Report: U.S. Power Grid At Risk


Despite multiple warnings, hearings, and commissions in recent years examining threats to the U.S. power grid, the power industry has not done nearly enough to protect the grid from a potential attack by a rogue actor or terrorist. That is the conclusion of a new Congressional Research Service report that warns of the vulnerability of the nation's power grid and urges stronger action from private industry and the federal government.

In particular, the report points to recent small-scale gun attacks on substations, like a September 2016 rifle attack on a Utah power station that knocked out electricity to some surrounding areas for up to eight hours. "Some of these smaller attacks could actually be part of people probing defenses, seeing just how easy it is to launch what could be a more major scale attack," says Adam Kredo, Washington Free Beacon national security reporter who has read the report and written about it. "All we have to really do is look back at the most recent instances to see just how dangerous this could be for someone with relatively crude weapons and abilities."

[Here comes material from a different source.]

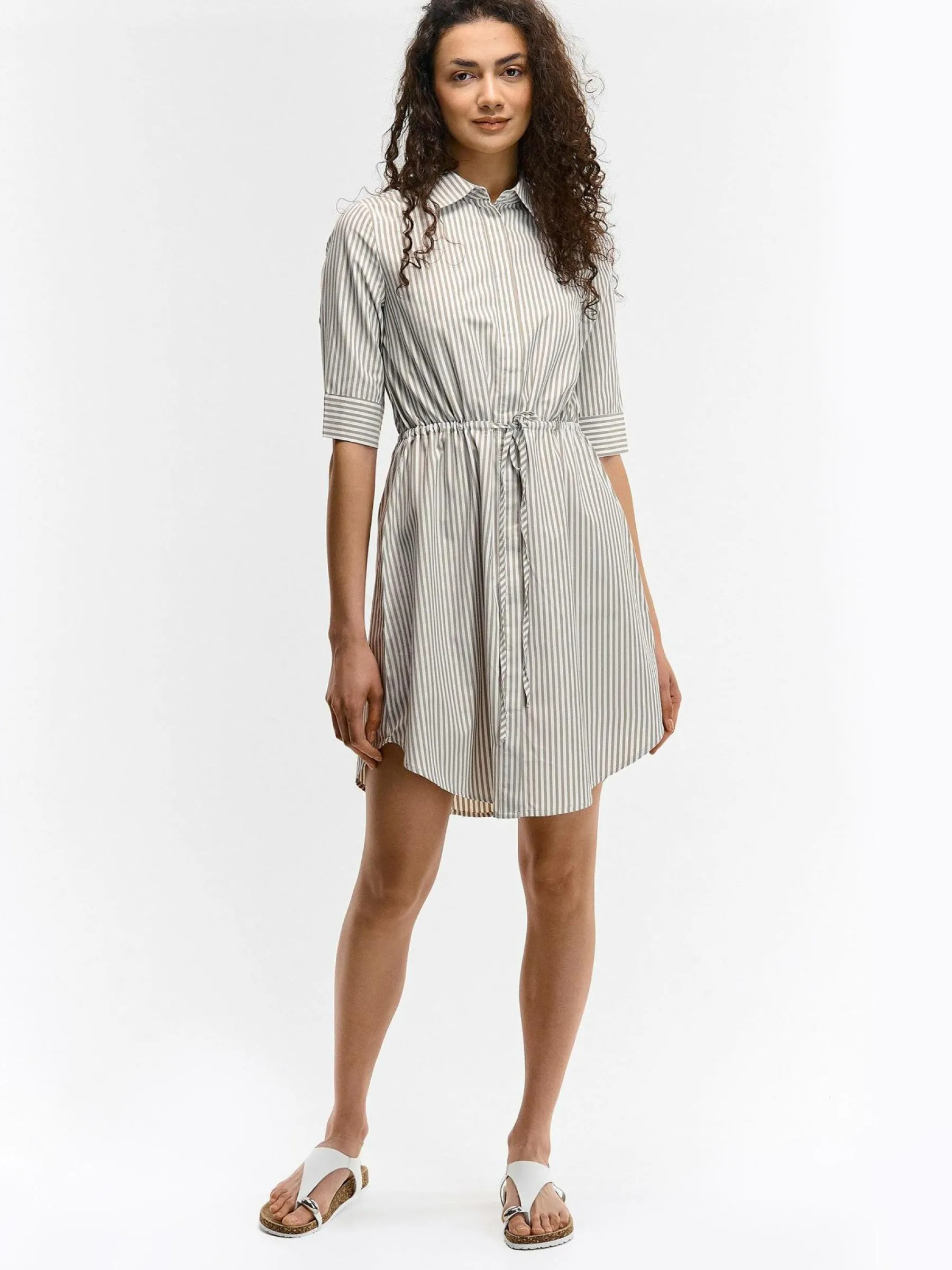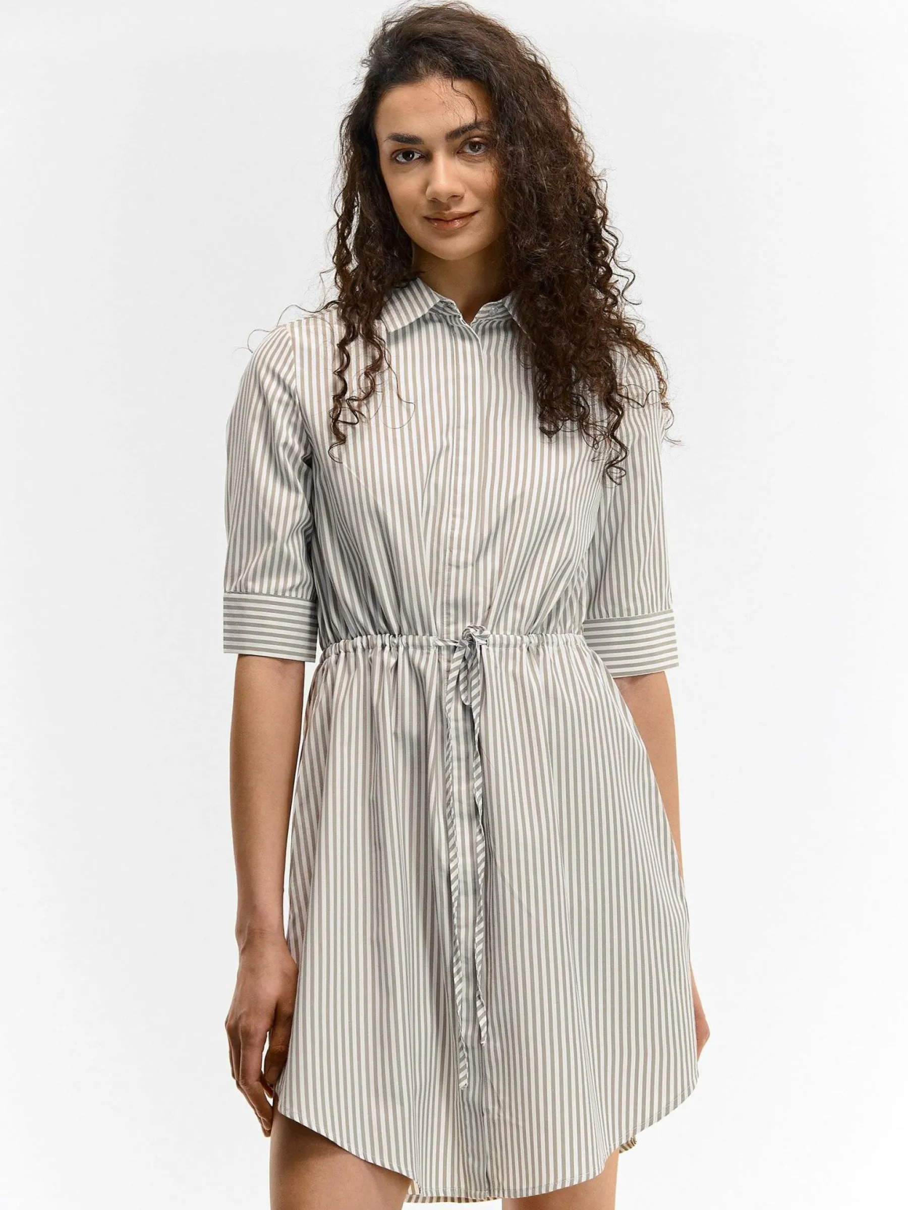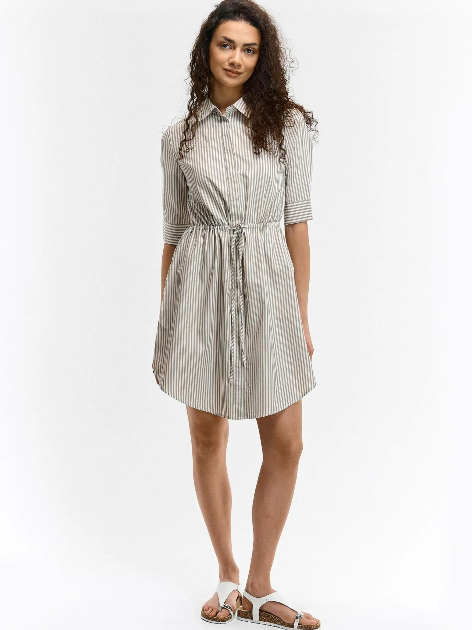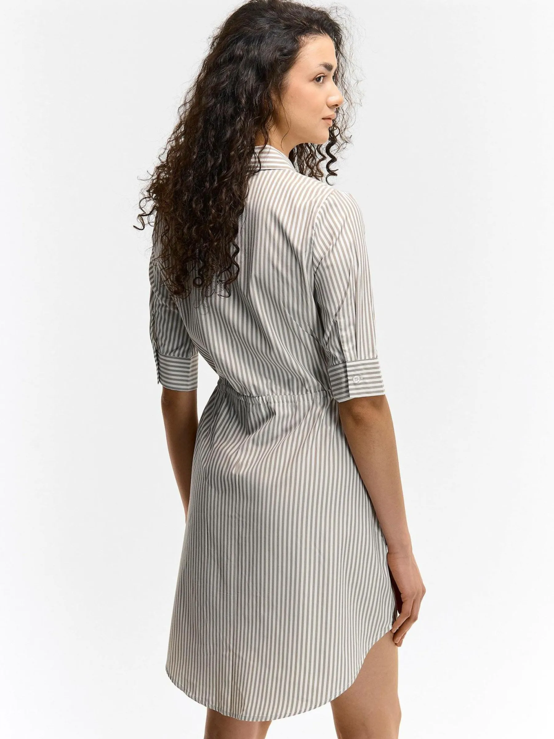 Kolor: beżowyKrój: koszuloweTyp: sukienkaRekaw: rękaw 3/4Długość: miniPattern style: w prążkiDetal: nad głowąM…

This isn't the first time Congress has been warned about power grid vulnerabilities. Just last fall, experts testified about the threat of an EMP attack on the grid. Kredo notes that it's difficult to harness security standards for the various grids and network of substations that make up the U.S. power infrastructure, but he believes more oversight is necessary. "We need to get some sort of (national) industry standard," he says. "Right now, because it's left in the hands of private industry, everybody is on a different level with the type of money they can invest, the type of time they can invest."